The spreadsheet software my company makes reads a number of binary file formats as well as text files.

We first look at the first few bytes for a magic number which we recognize. If we do not recognize the magic number of any of the binary types we read, then we look at up to the first 2K bytes of the file to see whether it appears to be a UTF-8, UTF-16 or a text file encoded in the current code page of the host operating system. If it passes none of these tests, we assume that it is not a file we can deal with and throw an appropriate exception.

Solution 2

You can use the file command. It does a bunch of tests on the file (man file) to decide if it's binary or text. You can look at/borrow its source code if you need to do that from C.

file README
README: ASCII English text, with very long lines

file /bin/bash
/bin/bash: ELF 32-bit LSB executable, Intel 80386, version 1 (SYSV), for GNU/Linux 2.2.5, dynamically linked (uses shared libs), stripped

Solution 3

You can determine the MIME type of the file with

file --mime FILENAME

The shorthand is file -i on Linux and file -I (capital i) on macOS (see comments).
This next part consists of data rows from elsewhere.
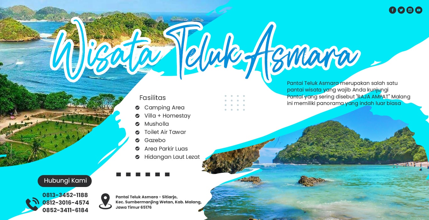Obyek Wisata Pantai Teluk Asmara resmi dibuka pada tanggal 14 Mei 2017. Lokasi wisata secara administratif masuk dalam wengkon Desa Sitiarjo, Kec. Sumbermanjing Wetan, Kab. Malang, Jawa Timur, ± 70 KM dari Kota Malang, bisa ditempuh melalui JALUR TIMUR ( Malang -Turen – Sendang Biru – Teluk Asmara ) dan JALUR BARAT ( Malang – Gondanglegi -Balekambang – Teluk Asmara )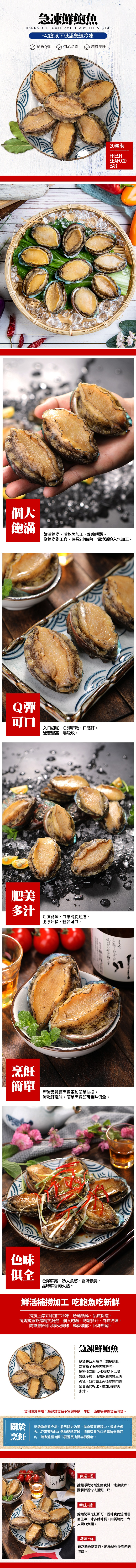•解凍料理方式 烹製時,先取出要吃的量解凍,裡面會有一些綠色的內臟,要去除乾淨,然後拿軟刷把鮑魚肉表面刷洗乾淨,特別是縫隙處一定要多刷幾遍。再依需求加入調味、蛋白、生粉、紹興酒等醃製,或快炒、白灼、煨製等方式處理,都十分美味! •食材保存方式※本商品採冷凍配送,收到商品後請立即冷凍保存。未食用完的食材也請勿重複冷凍再解凍以免影響新鮮度。※產品顏色可能會因網頁呈現與拍攝關係產生色差,圖片僅供參考,商品依實際到貨為準。※海鮮商品為維持品質新鮮度,於原產地作業時有做包冰處理,此作業會影響商品解凍後實際重量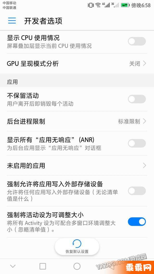 1.在系统设置中的开发者选项内,打开“强制设为可调整大小”选项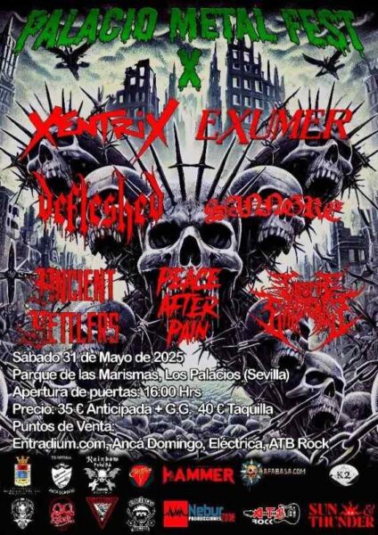 La décima edición del Palacio Metal Fest se llevará a cabo el sábado 31 de mayo de 2025 en el Parque de Las Marismas, ubicado en Los Palacios y Villafranca, Sevilla. Este festival se ha consolidado como un referente en la escena metalera andaluza y española.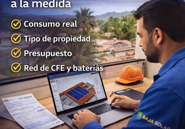 Una vez que el cliente decide dar el paso hacia la energía solar, en Baja Solar diseñamos un sistema solar personalizado que se ajusta a su consumo real, tipo de propiedad y presupuesto.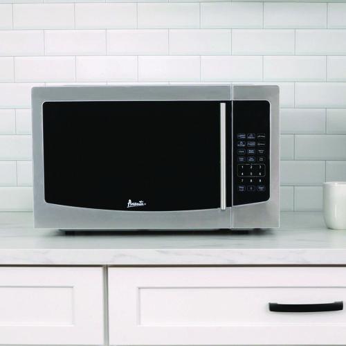 Save counter space with this compact, 1,000 watt stainless steel microwave oven. It's ideal for dorm rooms, offices, RVs, tiny homes or anywhere you might need to cook food fast. Electronic control panel with six one-touch cook settings, cook by power level/time controls and defrost by weight/time functionality.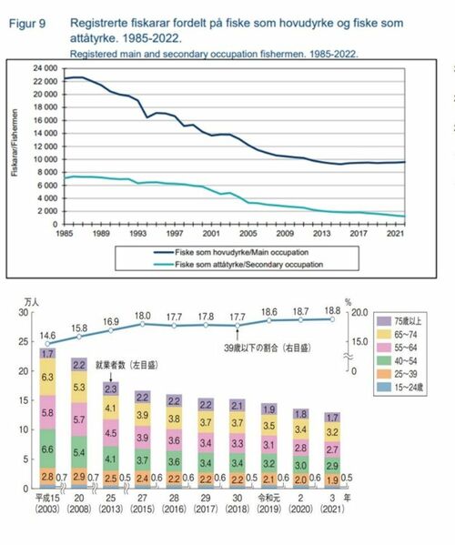 「魚が減ったのは漁業者が減ったから」と言われることもありますが本当でしょうか。これが本当ではないことは、海外と比較するとよくわかります。水産物の輸出金額で世界第2位を誇り、2020年に施行された漁業法改正の際に参考にされたノルウェーと比較してみましょう。水産業を成長産業にできているノルウェーでも、日本同様に漁業者は減り続けています。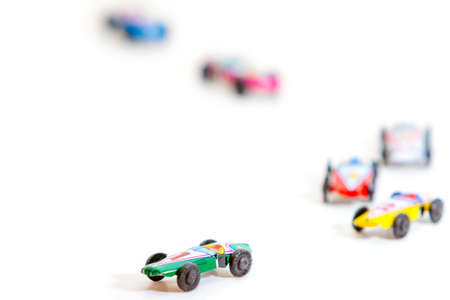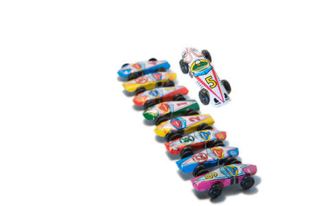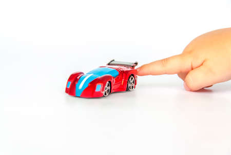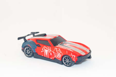 3d illustration of a colorful racing toy car on the blue isolated background.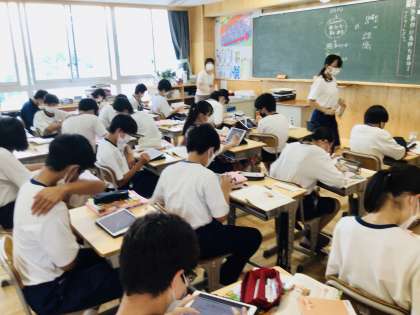 7/15(金)3時間目2年生の授業2 Qubena 公開日 2022/07/15 更新日 2022/07/15 各学年から 5組の授業を見てみましょう。 国語の授業です。 新しいタブレットのAI学習ソフト Qubena を使った個別最適な学習を進めています。 2年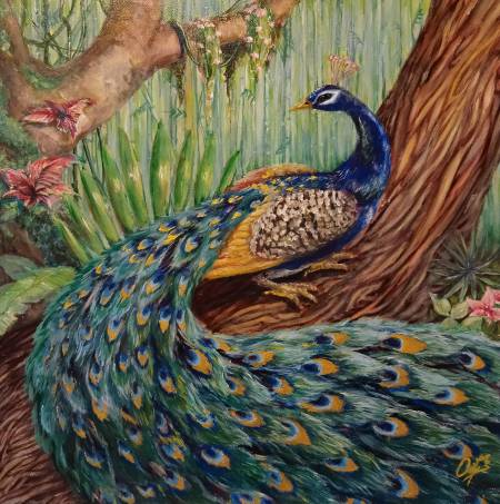 Эксклюзивная картина маслом с душой и любовью Павлин Тайны живой природы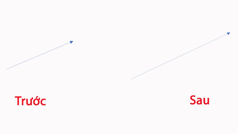 Để thay đổi chiều dài của mũi tên, nhấp vào mũi tên, nhấp chuột trái và chọn vào nút tròn trắng ở hai đầu mũi tên, sau đó kéo để điều chỉnh độ dài mũi tên theo ý muốn.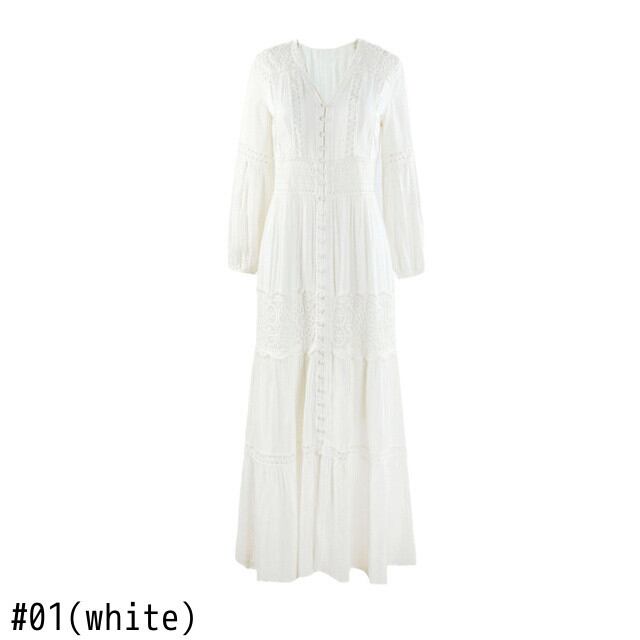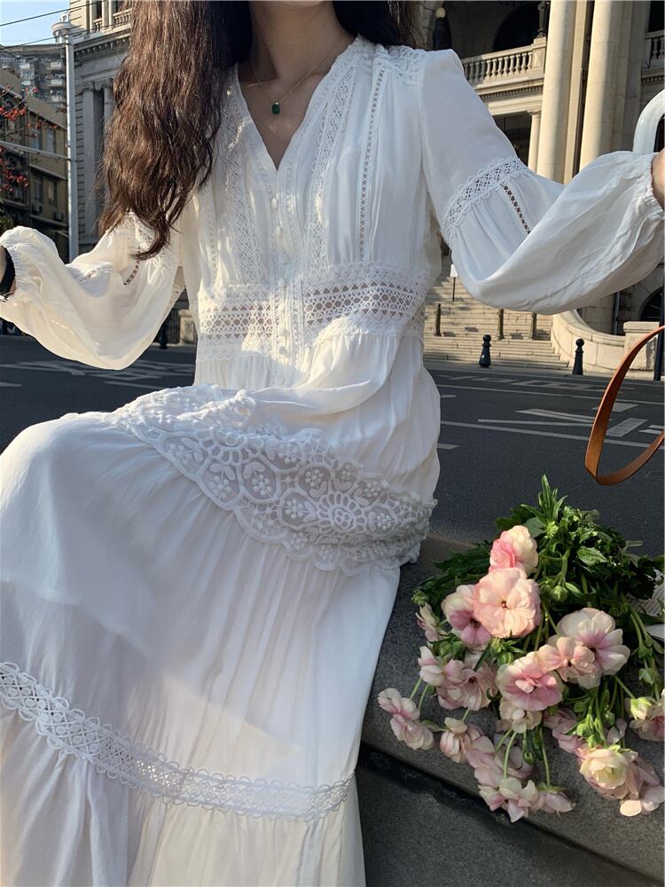 [EWQ] V ネックフックフラワー中空ドレスソリッドシングルブレストドレス春夏オールマッチ服 スプリング 春物 サマー 夏物 Vネック ソリッドカラー フラワーデザイン
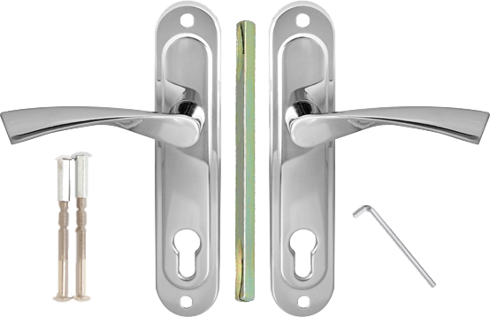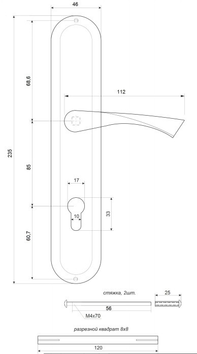 Замок врезной + ручка на планке + цилиндровый механизм с ключами (ключ-ключ (0823/60-NI) или ключ-вертушка (0823/60-C-NI))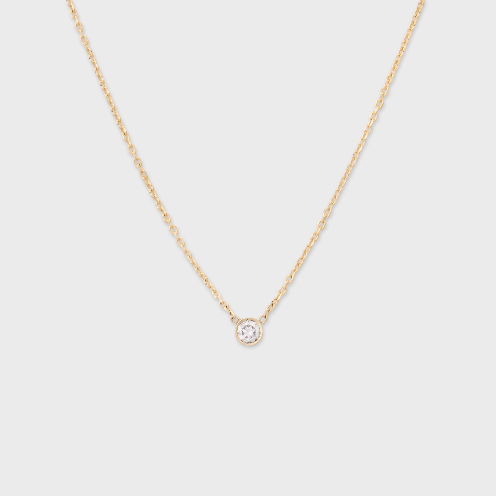 Collier ajustable en or jaune massif 14 carats de 16 à 18 po avec un diamant cultivé en laboratoire. fabriqué à la main avec des métaux recyclés aux États-Unis.
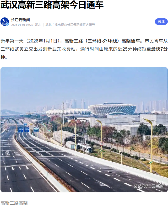 2026年1月1日,由武漢市政院參與設計的高新三路(三環(huán)線~外環(huán)線)改造提升工程主線高架通車!這條西起三環(huán)線武黃立交、東至新武東收費站,總長10.7公里(其中主線高架8.23公里)的交通大動脈,以“主線高架+地面輔道”的立體格局,打通了光谷東向通行瓶頸,也承載著武漢市政院在綠色建造領域的技術突破,為武漢智慧交通建設樹立了新標桿。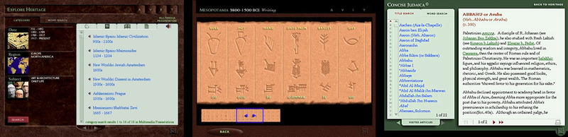 We considered using some of the popular formats of the day, but they were clunky, slow and produced huge output files. So we designed our own format. Leveraging some existing tools. and adding our own custom scripting language on top, we were able to develop a user-friendly system that WNET’s team could use, with minimal supervision and almost no daily interaction with the programmers on the other coast, to create more than 100 unique interactive sequences for the product. The resulting “Heritage Engine” became a key Quicksilver technology (to which we owned the rights, as part of our development agreement with WNET).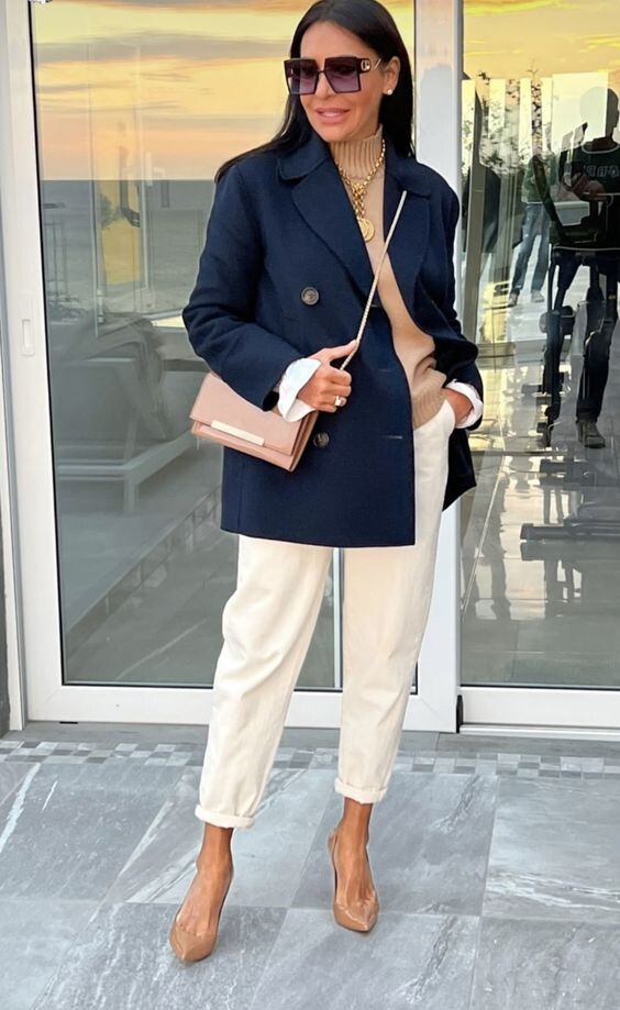 - Современная офисная классика – это прямые, чуть зауженные к щиколоткам и подвернутые брюки оттенка слоновой кости в сочетании со свободным прямым пиджаком угольно-черного цвета. Брюки дополнены белой рубашкой и светло-бежевым жилетом с высоким горлом. Комплект эффектно подчеркивается бежевой сумочкой и нюдовыми туфлями-лодочками. Образ выглядит стильно и элегантно, он в меру сдержанный и в то же время привлекательный.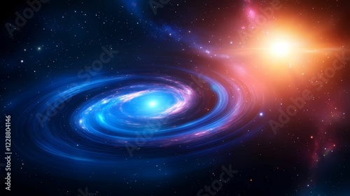 A vibrant galaxy spirals through a starry backdrop, illuminated by a bright sun, showcasing the beauty of the cosmos.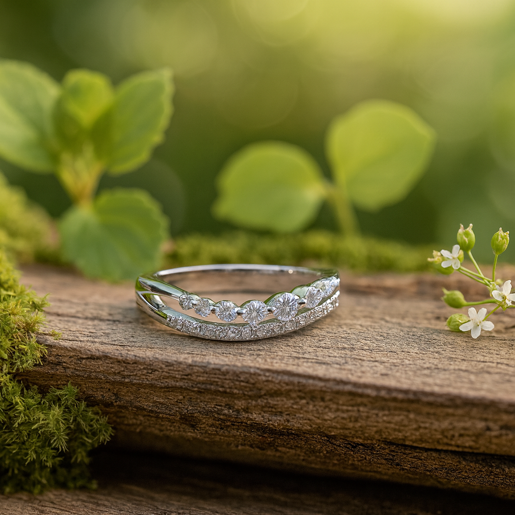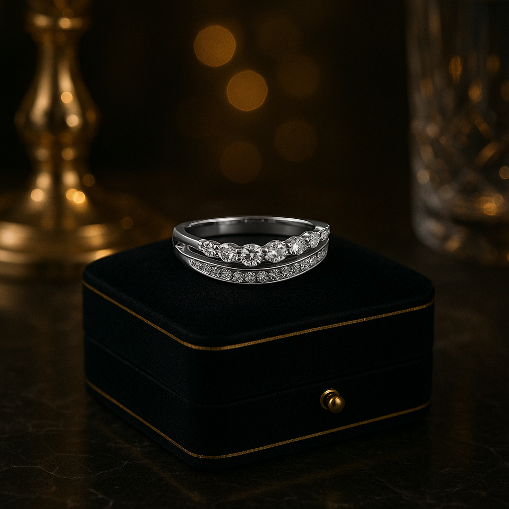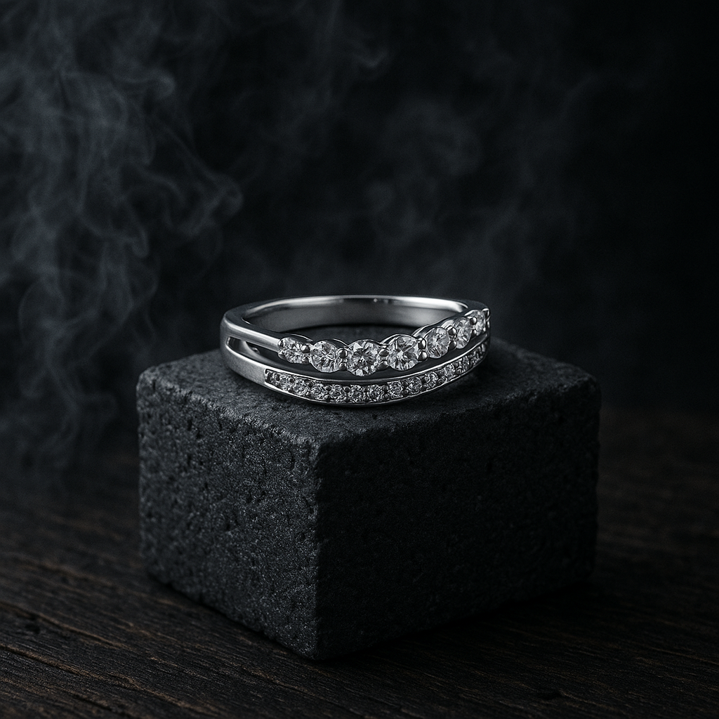 The Stellara Loop Ring is a dazzling symbol of eternal elegance. Crafted in fine silver, it features twin rows of sparkling stones, gracefully curving into a design that embodies infinity and balance.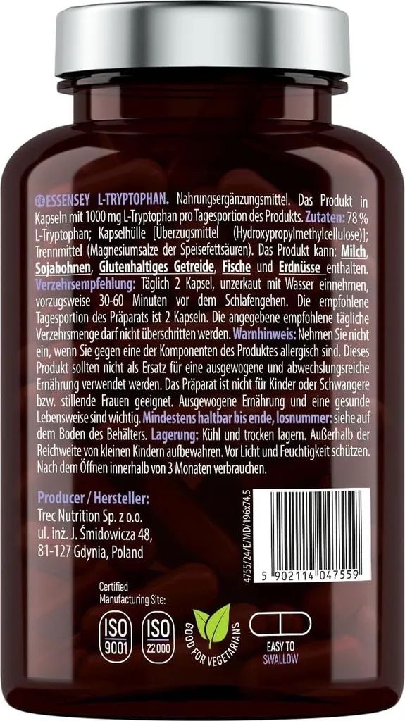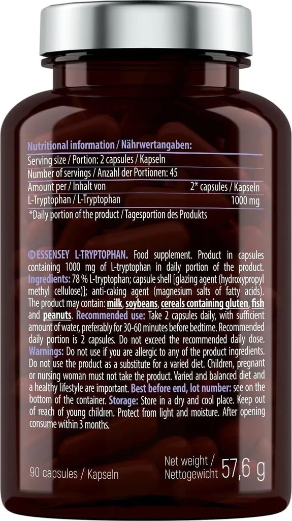 Essensey® L-Tryptophan – dein täglicher Begleiter für Wohlbefinden, Ausgeglichenheit und erholsame Nächte.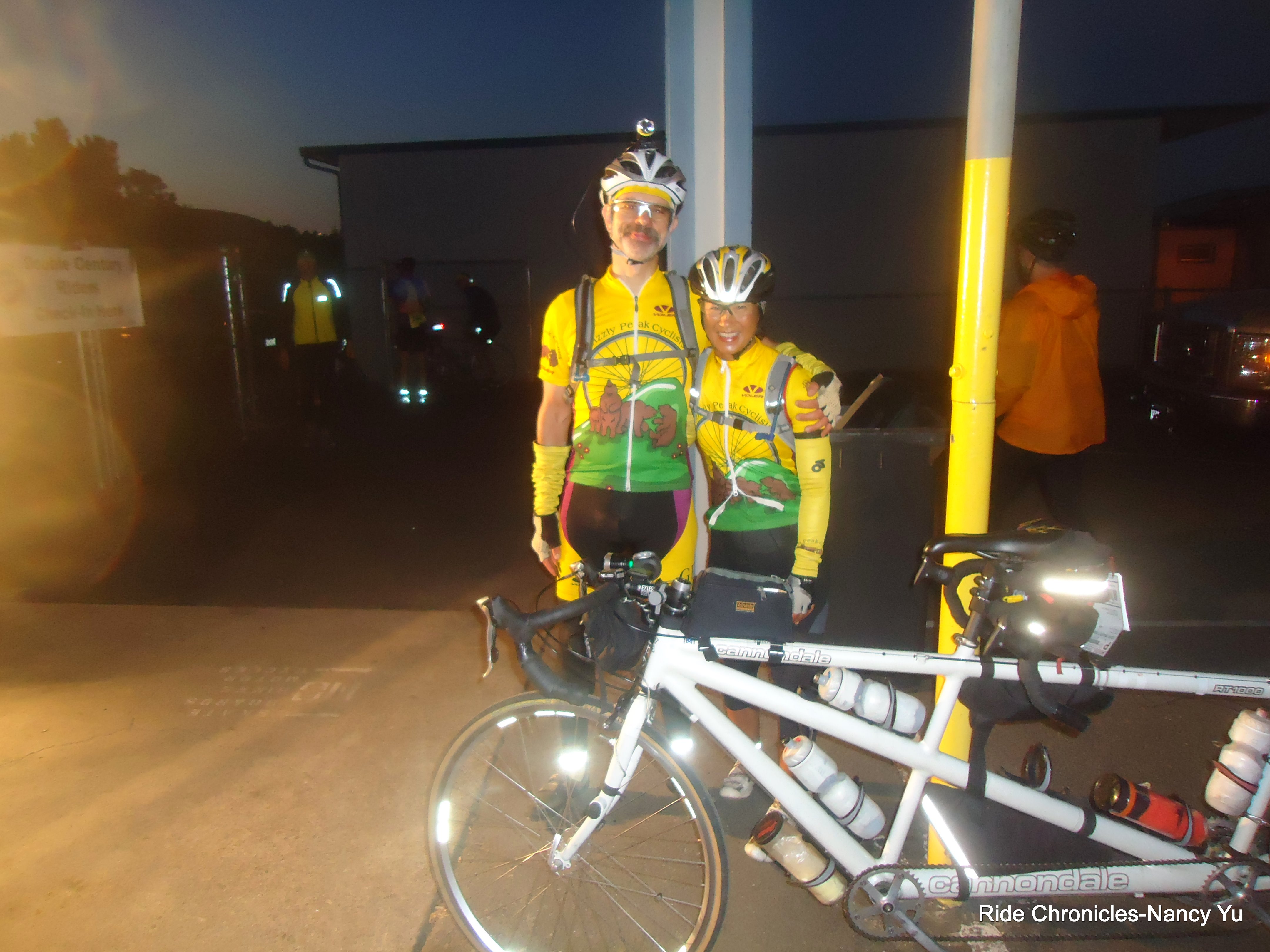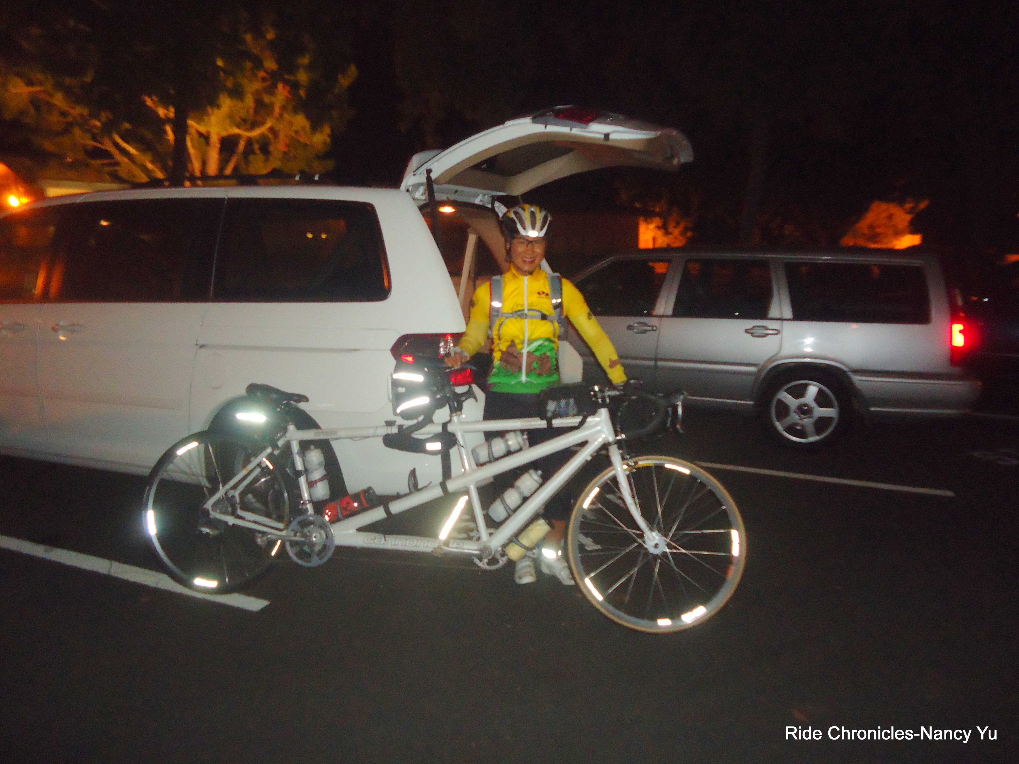 With the tandem loaded and ready to go, we give each other a high-five and roll out early at 3:38 AM. We spot Bill Monson as we exit the parking lot. We make

If it starts with text/, it's text, otherwise binary. The only exception are XML applications. You can match those by looking for +xml at the end of the file type.

Solution 4

  • To list text file names in current dir/subdirs:

    grep -rIl ''
    
  • Binaries:

    grep -rIL ''
    
  • To check for a particular file:

    grep -qI '' FILE
    

    then, exit status '0' would mean the file is a text; '1' - binary. To check:

    echo $?
    

Key option is this:

  -I     Process a binary file as if it did not contain matching data;

Other options:

  -r, --recursive
         Read all files under each directory, recursively;
  -l, --files-with-matches
         Suppress normal output; instead print the name of each input file from which output would normally have been printed.
  -L, --files-without-match
         Suppress normal output; instead print the name of each input file from which no output would normally have been printed.
  -q, --quiet, --silent
         Quiet; do not write anything to standard output.  Exit immediately with zero status if any match is found, even if an error was detected.

Solution 5

Perl has a decent heuristic. Use the -B operator to test for binary (and its opposite, -T to test for text). Here's shell a one-liner to list text files:

$ find . -type f -print0 | perl -0nE 'say if -f and -s _ and -T _'

(Note that those underscores without a preceding dollar are correct (RTFM).)

Share:
48,609
erickthered
Author by

erickthered

Updated on July 05, 2022

Comments

  • erickthered
    erickthered over 1 year

    Informally, most of us understand that there are 'binary' files (object files, images, movies, executables, proprietary document formats, etc) and 'text' files (source code, XML files, HTML files, email, etc).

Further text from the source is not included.